_EXCERPTED RECORDS:_
- - - - - - -

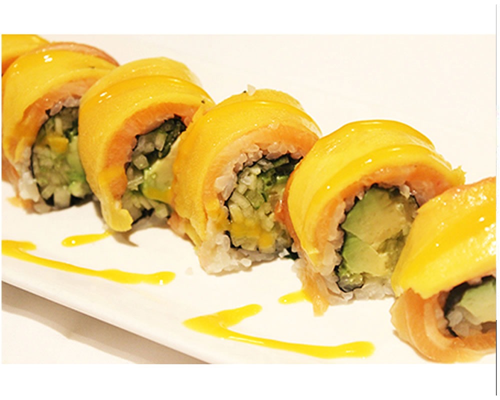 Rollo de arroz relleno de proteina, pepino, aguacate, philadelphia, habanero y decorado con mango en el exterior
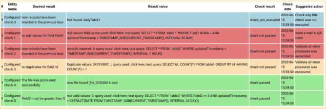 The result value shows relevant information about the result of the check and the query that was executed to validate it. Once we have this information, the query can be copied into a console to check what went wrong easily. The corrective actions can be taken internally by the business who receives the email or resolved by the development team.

- - - - - - -

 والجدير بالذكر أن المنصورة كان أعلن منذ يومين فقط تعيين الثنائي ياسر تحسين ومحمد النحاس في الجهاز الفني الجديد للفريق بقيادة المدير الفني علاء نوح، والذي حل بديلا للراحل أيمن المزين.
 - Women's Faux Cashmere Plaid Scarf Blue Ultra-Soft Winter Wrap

- - - - - - -

_EXERCISE PROMPT:_ Using the data above, set down each line from the line with "Rollo de arroz" to the line with "The result value" exactly, both ends included, and leave the pictures behind. Nothing else belongs.

_OUTPUT OF THE EXERCISE:_
 Rollo de arroz relleno de proteina, pepino, aguacate, philadelphia, habanero y decorado con mango en el exterior
 The result value shows relevant information about the result of the check and the query that was executed to validate it. Once we have this information, the query can be copied into a console to check what went wrong easily. The corrective actions can be taken internally by the business who receives the email or resolved by the development team.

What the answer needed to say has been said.